- **Stored data**:
+ + +

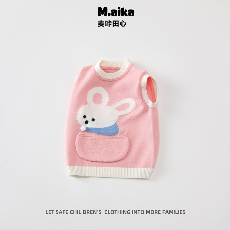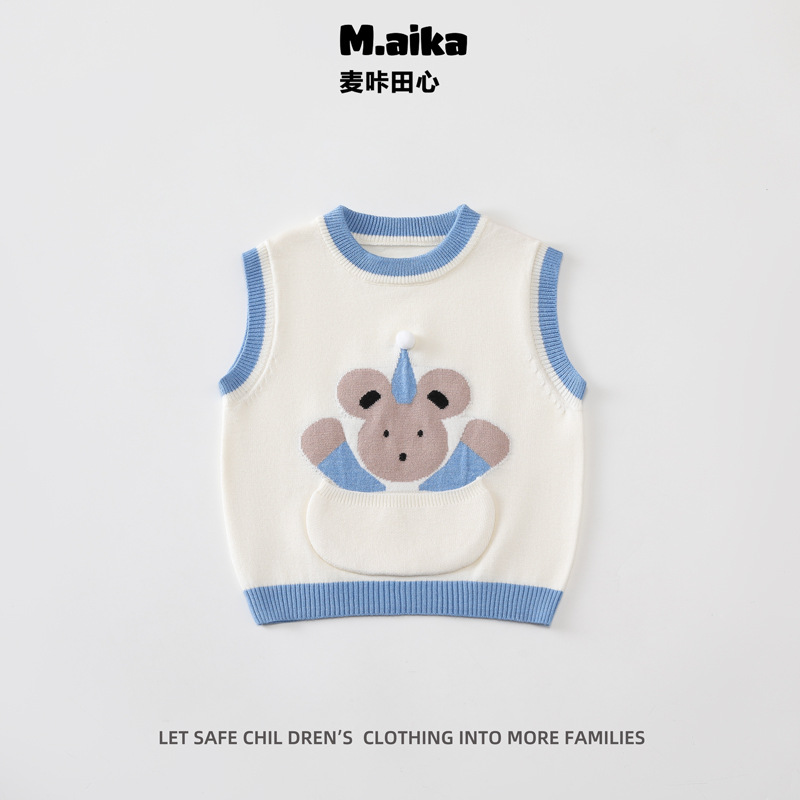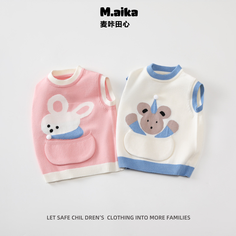 511 아기 조끼 봄과 가을 새로운 어린이 니트 스웨터 조끼 가을과 겨울 스타일 소년과 소녀 귀여운 겉옷
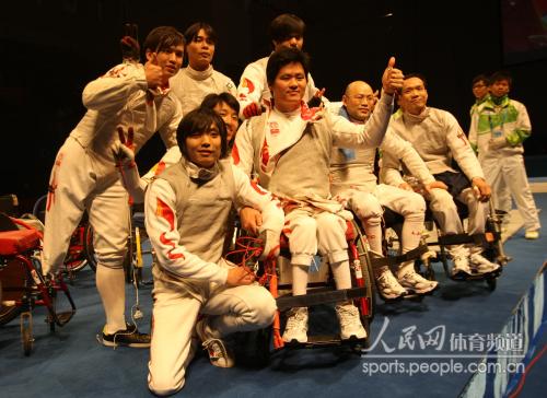 12月16日,广州亚残运会轮椅击剑男子花剑团体决赛在大学城广州大学体育馆举行,中国选手最终以45-27战胜中国香港选手,夺得金牌。人民网记者刘龙摄
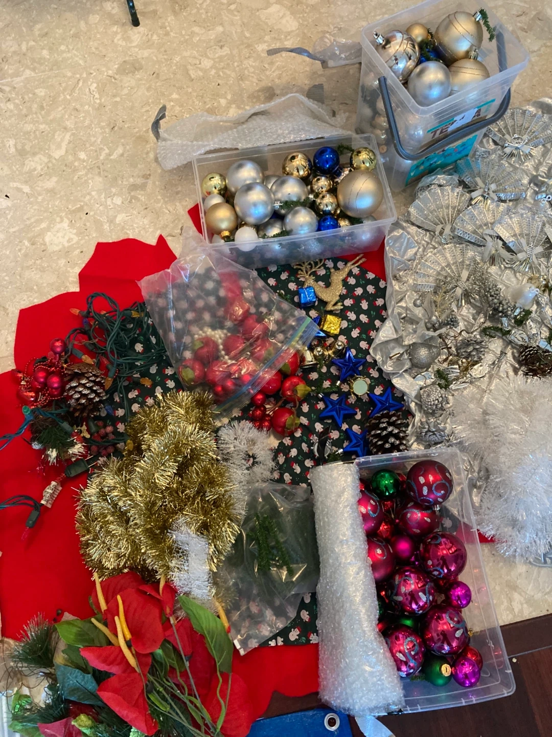 Selling a mixed coloured Christmas ornaments and decorations. Includes various styles, colours, and sizes. Perfect for adding some festive cheer to your home this holiday season!
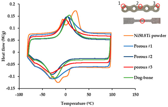 The differential scanning calorimetry (DSC) results of the as-fabricated porous bone fixation plate from three different locations, the dog bone sample, and Ni50.8Ti powder.
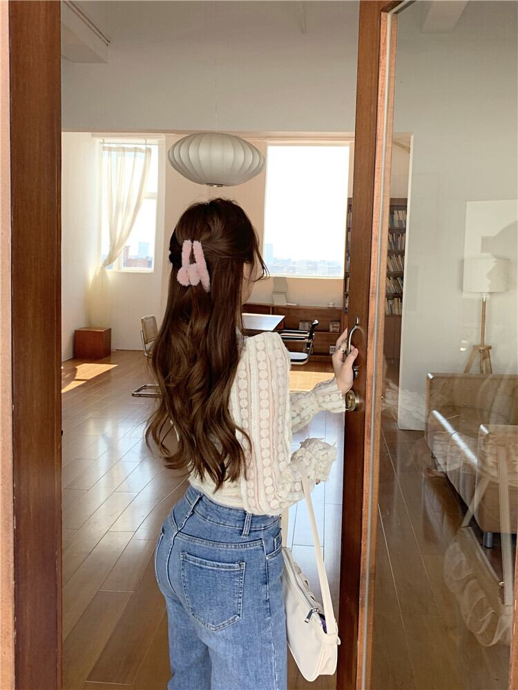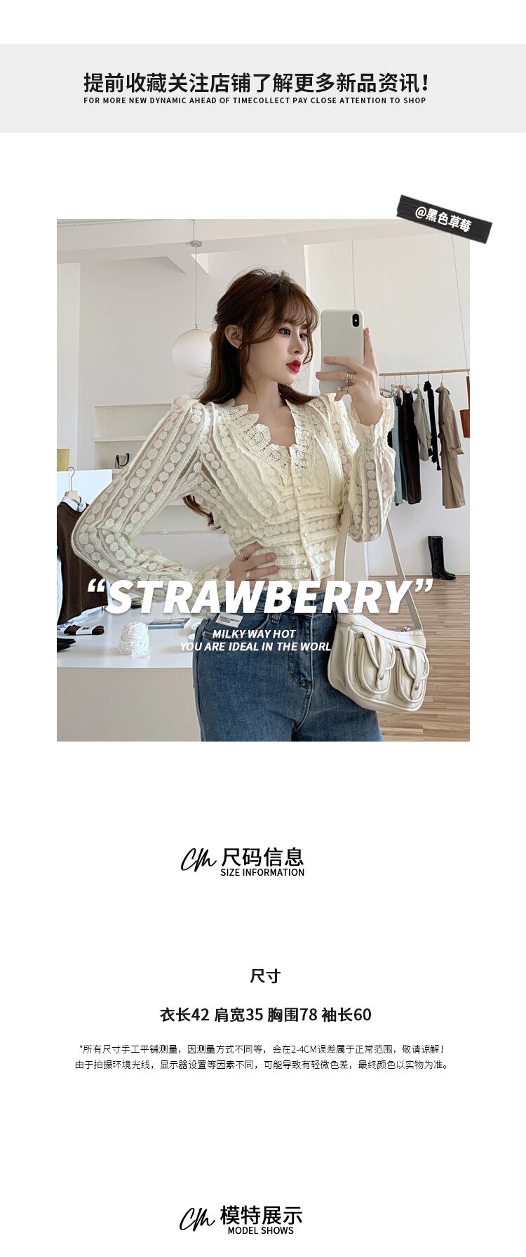 レースシフォンシャツ スプリングホワイトスタイルショートトップス ロング 春物 ブラックストロベリース6667247560
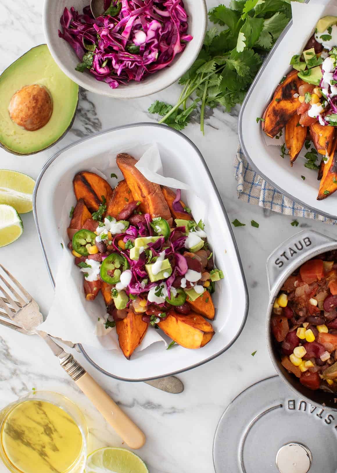 Assemble the chili fries with a layer of sweet potato wedges and a scoop of chili. Top with the slaw, avocado, and jalapeño and yogurt sauce, if using. Serve with lime wedges and garnish with cilantro.
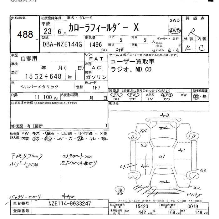TOYOTA COROLLA FIELDER - лот 488
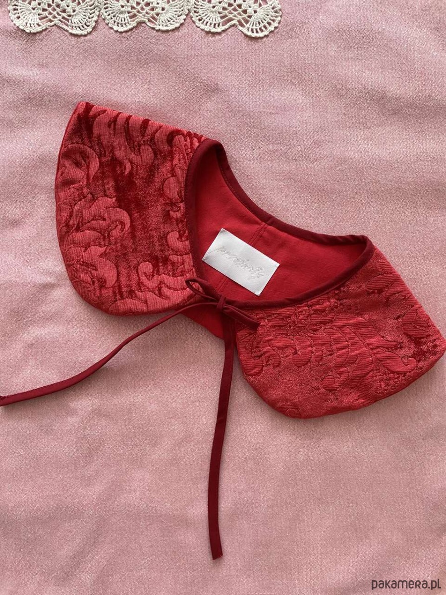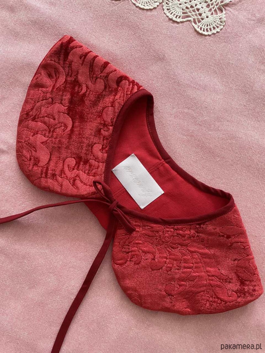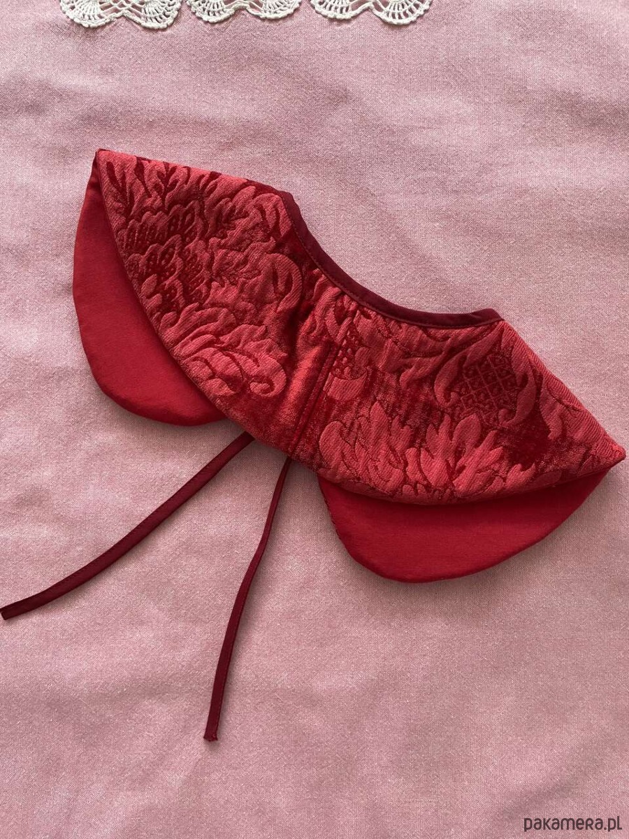Kołnierzyk uszyty ręcznie z welurowej tkaniny ze wzorem żakardowym z drugiego obiegu.
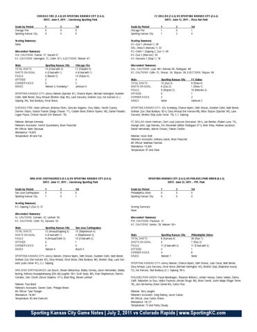 Scoring Summary: KC--Sapong 2 (Zusi 2) 31 Misconduct Summary: SJ: CAUTIONS: Corrales 42, Lenhart 50 KC: CAUTIONS: Collin 52, Sassano 54 Stats Sporting Kansas City San Jose Earthquakes TOTAL SHOTS: 13 (Arnaud/Sapong 3) 15 (Stephenson 4) SHOTS ON GOAL: 4 (4 tied with 1) 4 (Stephenson 2) FOULS: 9 (Arnaud/Collin 2) 10 (3 tied with 2) OFFSIDE: 5 1 CORNER KICKS: 4 4 SAVES: Nielsen 4 Busch 3 SPORTING KANSAS CITY--Jimmy Nielsen, Chance Myers, Seth Sinovic, Aurelien Collin, Matt Besler, Graham Zusi (Kei Kamara 63), Davy Arnaud, Omar Bravo (Teal Bunbury 86), Birahim Diop, Luke Sassano (Julio Cesar 61), C.J. Sapong. SAN JOSE EARTHQUAKES--Jon Busch, Steven Beitashour, Bobby Convey, Jason Hernandez, Bobby Burling, Anthony Ampaipitakwong (Ellis McLoughlin 56+, Scott Sealy 89), Khari Stephenson, Ramiro Corrales, Sam Cronin (Simon Dawkins 57+), Brad Ring, Steven Lenhart. Referee: Paul Ward Referee’s Assistants: Darren Clark, Philippe Briere 4th Official: Tyler Ploeger. Attendance: 18,467. Temperature: 83 and Overcast.
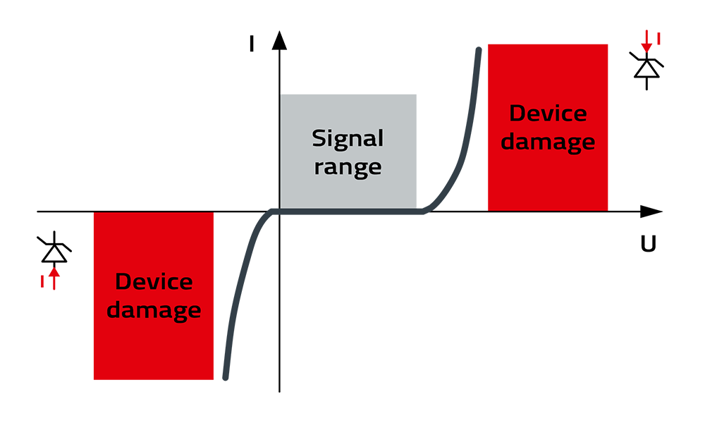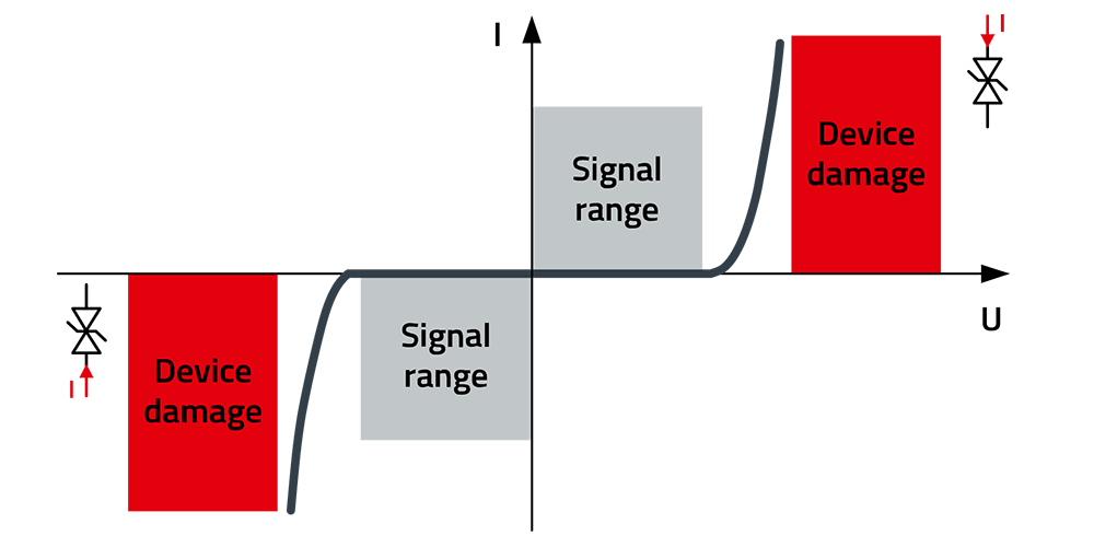 Kennlinie für ein bidirektionales Überspannungsschutzelement: Im normalen Betrieb sollte das Signal in einem der grau gezeichneten Spannungsbereiche bleiben. Steigt die Spannung weiter an (in positiver oder negativer Richtung) werden zunächst Überströme abgeleitet und die Spannung geklemmt, bevor bei noch höherer Überlastung der rote Bereich erreicht wird und das Überspannungsschutzelement Schaden nimmt.

+ + +

- **PROBLEM STATEMENT**: Whatever lies between the first line of the data and the line holding "12月16日,广州亚残运会轮", inclusive, should be repeated exactly, apart from the pictures.

- **SOLUTION BELOW**:
 511 아기 조끼 봄과 가을 새로운 어린이 니트 스웨터 조끼 가을과 겨울 스타일 소년과 소녀 귀여운 겉옷
 12月16日,广州亚残运会轮椅击剑男子花剑团体决赛在大学城广州大学体育馆举行,中国选手最终以45-27战胜中国香港选手,夺得金牌。人民网记者刘龙摄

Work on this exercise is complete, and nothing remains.